Have you ever felt pressured to improve who you are to get what you want?
Of course you have; we all have. In fact, that is one of the most dangerous thoughts in singleness: I am alone because there is something wrong with me.
If you are a female and over a certain age – 12 – you will inevitably think there is something not quite right about you. It could be your nose, height, thighs, freckles — or a myriad of other perfectly normal parts of the human form — that you decide is not in line with what is considered beautiful.
For me as a teen, it was my feet. In fact, I once had a dream that I got into a very serious car accident and was rushed to hospital. After waking up from surgery I was told the only injury I had was to my feet, and unfortunately they had to surgically reduce them to a size six. I cannot describe the disappointment of waking up to realize the accident had never happened!
A few years ago the TODAY Show in America did a study that showed the average woman spends 55 minutes every day, or two weeks a year, obsessing about her appearance. The same study found that 60 percent of adult women have negative thoughts about themselves weekly, compared with 36 percent of men. In summary, women in general don’t like who they are and are spending vast amounts of time trying to make improvements.
Over the years I have seen this in my own life, especially in my early 20s and 30s, when I spent far more time trying to improve what was wrong instead of choosing to enhance what was right. I thought surely I was just a few upgrades away from desirable and date-worthy.
And then one day I learned a valuable lesson about the usefulness of such improvements.
The year was 2006, and I had, very reluctantly, joined the online dating scene. Back then it was still taboo; to admit you were registered on a dating site was akin to admitting you’d tried everything else and that was your last hope of romance before the eggs dried up.
As I was living in the U.K., my options were even more limited. I am not exaggerating when I say that in six months of being registered, I came across two men who were living in the U.K. Everyone else was in America.
But though my “choices” were whittled down to “a choice,” one of the two guys seemed genuinely nice. We began emailing a bit, which eventually led him to visit where I lived so we could meet. He stayed with his sister, and we spent the afternoons and evenings together over a weekend, enjoying talking and getting to know one another. I received a phone call about an hour after he left.
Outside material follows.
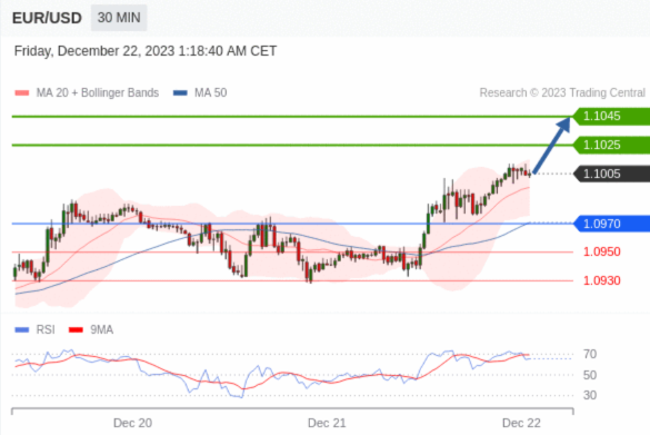 在 1.0970 之上,看涨,目标价位为 1.1025 ,然后为 1.1045 。
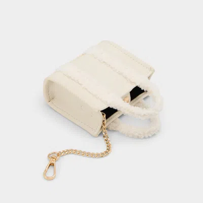 Plush faux-fur handles add a cuddle-soft contrast to this micro leather bag, with a gleaming chain that lets the creamy flap silhouette swing hands-free and light as air, just roomy enough for cards, gloss, and big plans. Pair it with a slouchy sweater and tall boots for coffee runs or sling it over a satin slip at rooftop parties. - ALDO. Color: Bone.

He was on the train and was still thinking of me (this is a good start), and he needed to talk to me (all going well here) and let me know that while he expected I would be great (holding my breath here), he never thought I’d be amazing (wow, this is really happening) and therefore he has decided (of course I’d like to see you again) … he would like to get back with his ex-girlfriend.
Silence.
My mind went blank. I stopped choosing which English castle to use for the wedding. Soon his voice faded into the distance as he cut through the awkwardness by elaborating on how great he thought I was and how sorry he was this wasn’t going to work …. while all I could hear was “amazing isn’t good enough.”
I was polite and quickly ended the conversation before the dam of tears burst forth. Ringing my pastor immediately afterward, I exclaimed through those tears: “If amazing isn’t good enough … then what is?!”
At that moment, all hopes of marriage seemed out of reach because I had done it: I was amazing … yet I still didn’t qualify as serious dating material.
What my pastor helped me realize was even though I was amazing (I like to keep hearing myself say that), it showed this guy how much he loved the one he had previously been afraid to choose.
I wish I could say in that moment I felt honored to have helped someone find the woman of his dreams, but I was honestly more annoyed than honored.
Yet it taught me a good lesson: Amazing isn’t the goal; authenticity is.
He had an authentic relationship with a woman he loved but was afraid to commit to, and only through exploring other options could he see how much her authenticity won against the amazing choices around him. They are now married and, last I heard, doing really well, for which I genuinely am very pleased.
Which do you tend to focus on in yourself and others – amazing or authentic?
Amazing fades. This season will soon be so last season, as over time all relationships eventually uncover brokenness. The endearing becomes annoying, and what once was cute will in time become the thorn in your side.
Authenticity, though, stays with us forever. It is the glue that holds our hearts together. Knowing, accepting and loving one another for who we are is the watered soil in which our redeemed selves can truly begin to flourish. We see this in Jesus’ interaction with the Samaritan woman, Peter, the woman with the issue of blood, Zaccheaus, Martha … need I continue?
His love is one of grace and full acceptance, never turning you away and always viewing your life through the power of the cross: redeemed, beautiful and clean.
We may think authenticity is born out of amazing, but it’s actually the other way around. As we embrace our authenticity in Christ, we grow into the amazing person He created us to be.
And, unlike shoe sizes, this is one growth stage I’m happy to embrace.